Feature & model pipeline (Python): scraping/assembly → feature engineering → preprocessing → BNN training.
Daily predictions: generates predictions/nba_predictions_YYYY-MM-DD.parquet for upcoming games; Shiny app hot-reloads.
Launchers for production: small wrapper scripts handle season windows, logs, and lock files to avoid overlapping runs.
Shiny UI: dark theme, sortable/filterable tables, and a lightweight implied-probability calculator.

Repository layout

.
├─ R_Scripts/
│  ├─ update_nba_data.R              # Pulls hoopR data; builds lineup/on-off; writes parquet datasets/
│  ├─ launch_update_nba_data.R       # Season guard + logs + lock; calls update_nba_data.R (Task Scheduler)
|  ├─ www                            # DALL-E generated images for the Shiny App
│  └─ app.R                          # Shiny app; reactive polling for predictions + metrics (parquet)
│
├─ Python_Scripts/                   # (or project root, depending on your layout)
│  ├─ scraping_loading.py            # Scrapes advanced data, merges with hoopR gamelogs + injuries, light FE
│  ├─ feature_engineering.py         # Main feature engineering block
│  ├─ preprocessing.py               # Train/test split, imputers, encoding, pipelines, scalers
│  ├─ bnn.py                         # Bayesian-like NN (MC dropout for quantiles)
│  ├─ run_pipeline.py                # Orchestrates training end-to-end
│  ├─ nba_predictions.py             # Loads artifacts; produces daily predictions parquet
│  └─ launch_nba_predictions.py      # Season guard + logs + lock; calls nba_predictions.py (Task Scheduler)
│
├─ predictions/                      # Daily predictions parquet (nba_predictions_YYYY-MM-DD.parquet)
└─ README.md

How the pipeline runs (daily)

Data refresh (R)
- R_Scripts/update_nba_data.R
  - Pulls player gamelogs via hoopR.
  - Builds upcoming schedule.
  - Derives lineup stints and on/off summaries (parallelized).
  - Writes parquet files in datasets/.
- R_Scripts/launch_update_nba_data.R
  - Season window (month/day only), timestamped logs in logs/, and a lightweight lock file (prevents overlap).
  - Called by Windows Task Scheduler every morning.
Modeling & predictions (Python)
- scraping_loading.py assembles a unified dataframe (nba_api + hoopR + injury flags).
- feature_engineering.py derives features
- preprocessing.py builds pipelines (imputers/encoders/scalers); bnn.py defines a Bayesian-style NN (MC dropout).
- run_pipeline.py trains the model; artifacts saved under models/ and pipelines/.
- nba_predictions.py loads artifacts, scores upcoming games, filters by available props, and saves predictions/nba_predictions_YYYY-MM-DD.parquet locally and pushes a separate nba_predictions.parquet to this repo to update the Shiny App's predictions reactable.
- launch_nba_predictions.py wraps the run for scheduling (season window, logs, lock).
Shiny app
- app.R reads:
  - predictions/nba_predictions.parquet via GitHub URL.
  - datasets/Evaluation_Metrics.parquet via GitHub URL.
- No republish needed day-to-day; the app picks up the latest parquet.

Quickstart

This project uses both R and Python. Any recent R (≥4.3) and Python (≥3.9) is fine.

R setup

# From an R console:
install.packages(c("dplyr","arrow","hoopR","lubridate","tidyr","data.table","purrr","stringr","tibble","parallel"))

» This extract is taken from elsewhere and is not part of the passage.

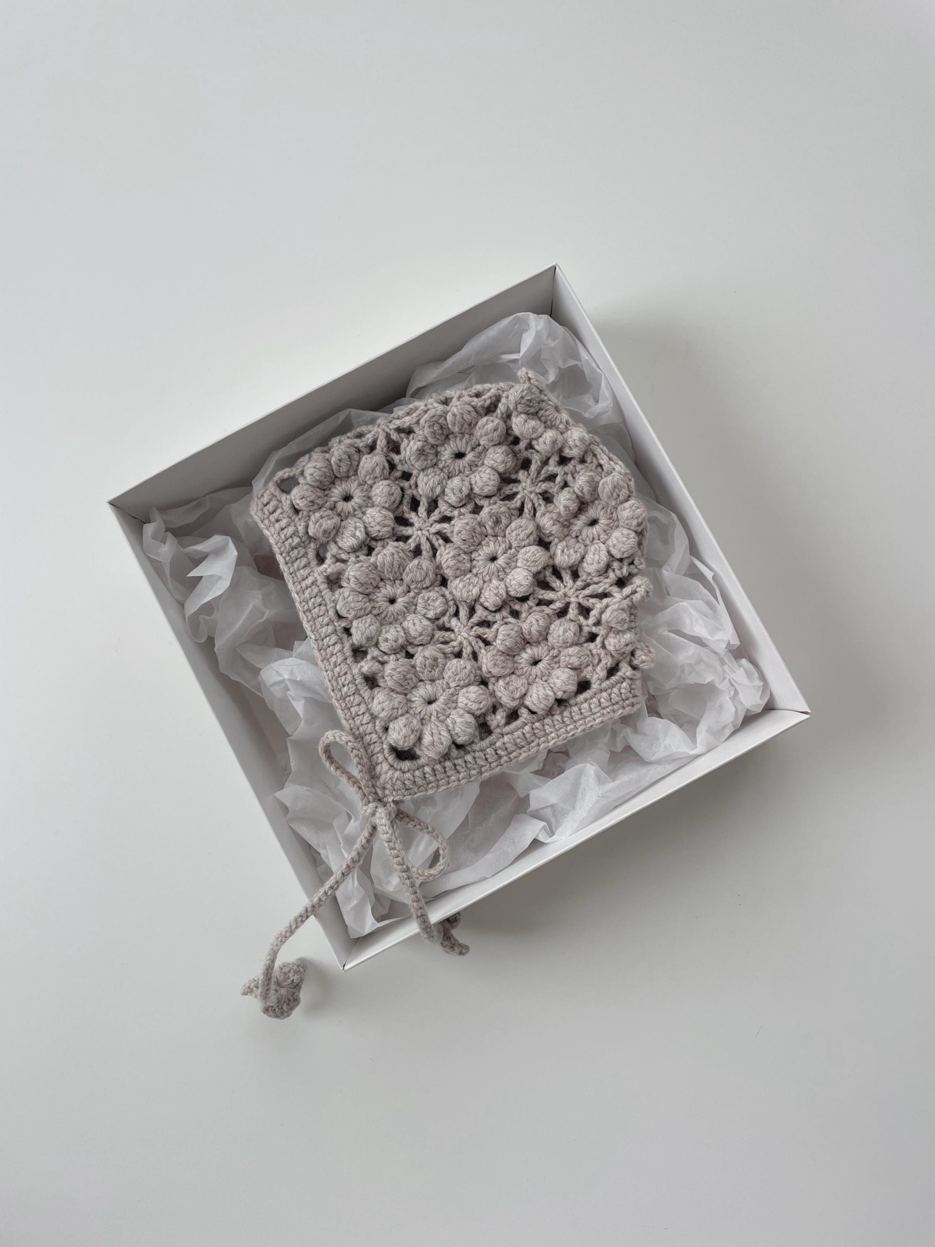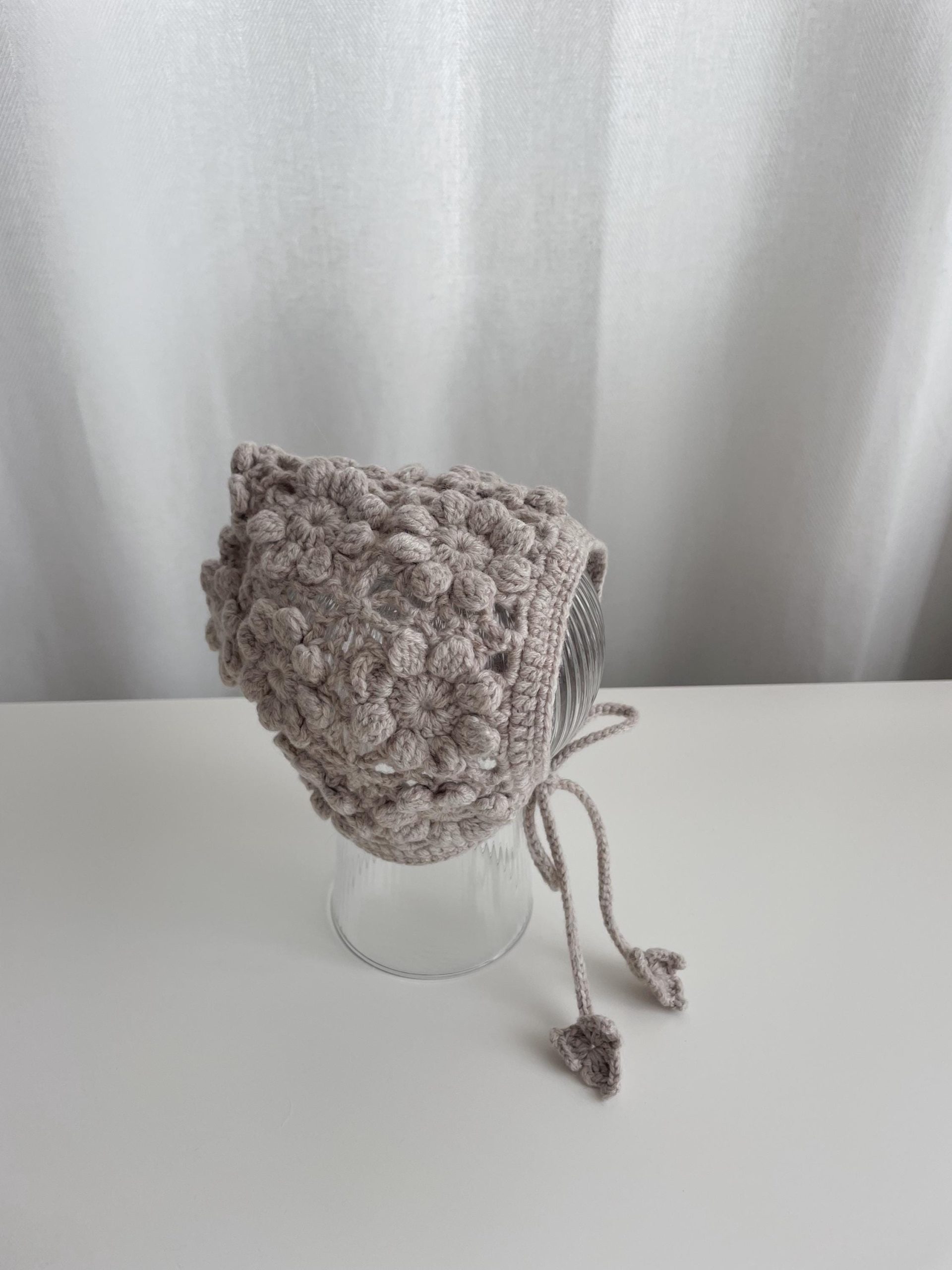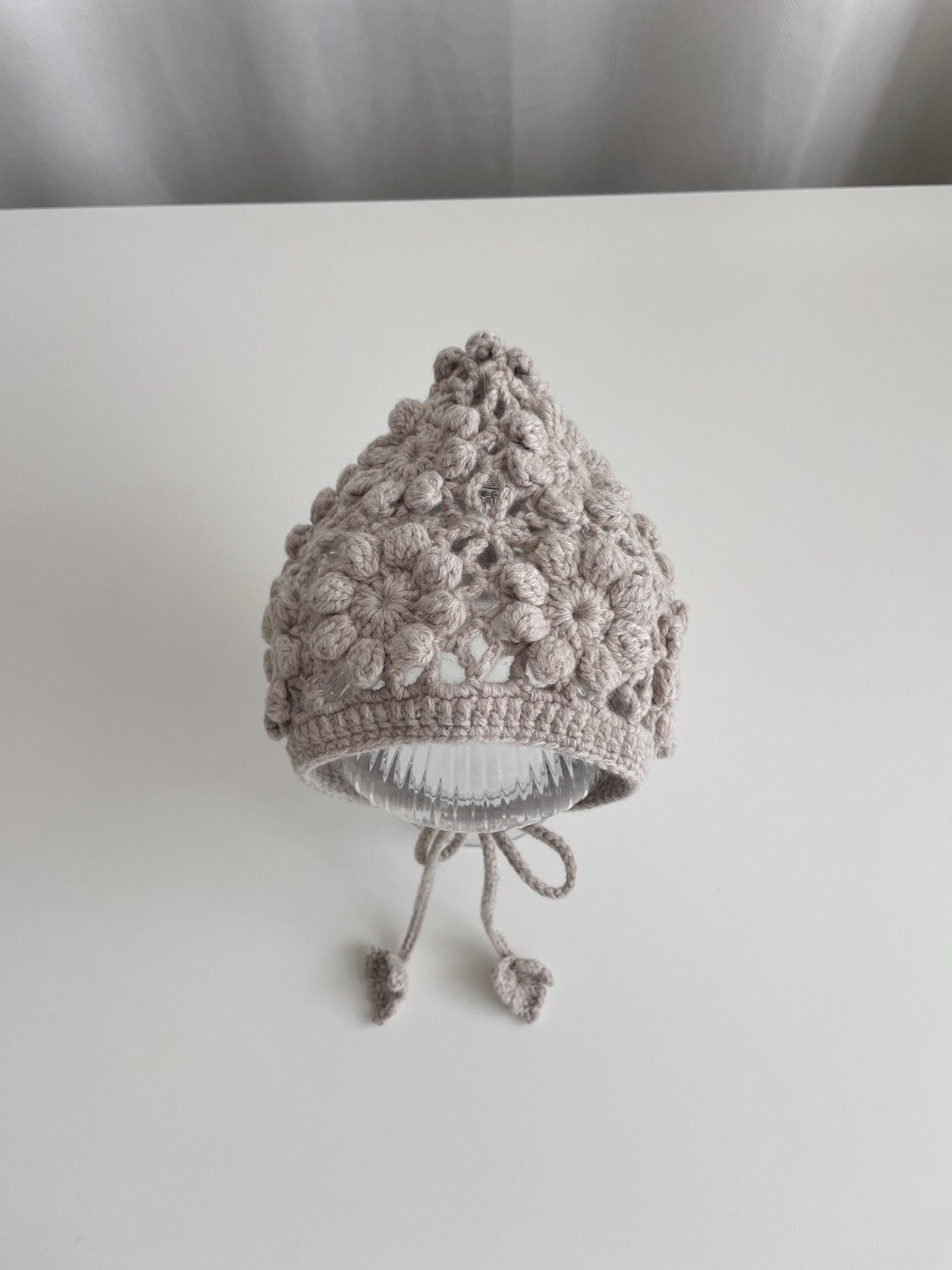 Baby girl popcorn bonnet – Alpaca yarn – Cream color

Run once at the project root to populate datasets/:

Rscript R_Scripts/update_nba_data.R

Python setup

Create/activate an environment, then:

pip install numpy pandas pyarrow joblib scikit-learn torch unidecode nba_api
# (plus any others used in your scripts)

Train models:

python Python_Scripts/run_pipeline.py

Generate daily predictions (writes to predictions/):

python Python_Scripts/nba_predictions.py

Shiny app

Run locally:

# from project root
shiny::runApp("app.R")

Environment overrides (optional):

PREDICTIONS_DIR (default: predictions)
METRICS_PATH (default: datasets/Evaluation_Metrics.parquet)

Windows Task Scheduler (daily, in-season only)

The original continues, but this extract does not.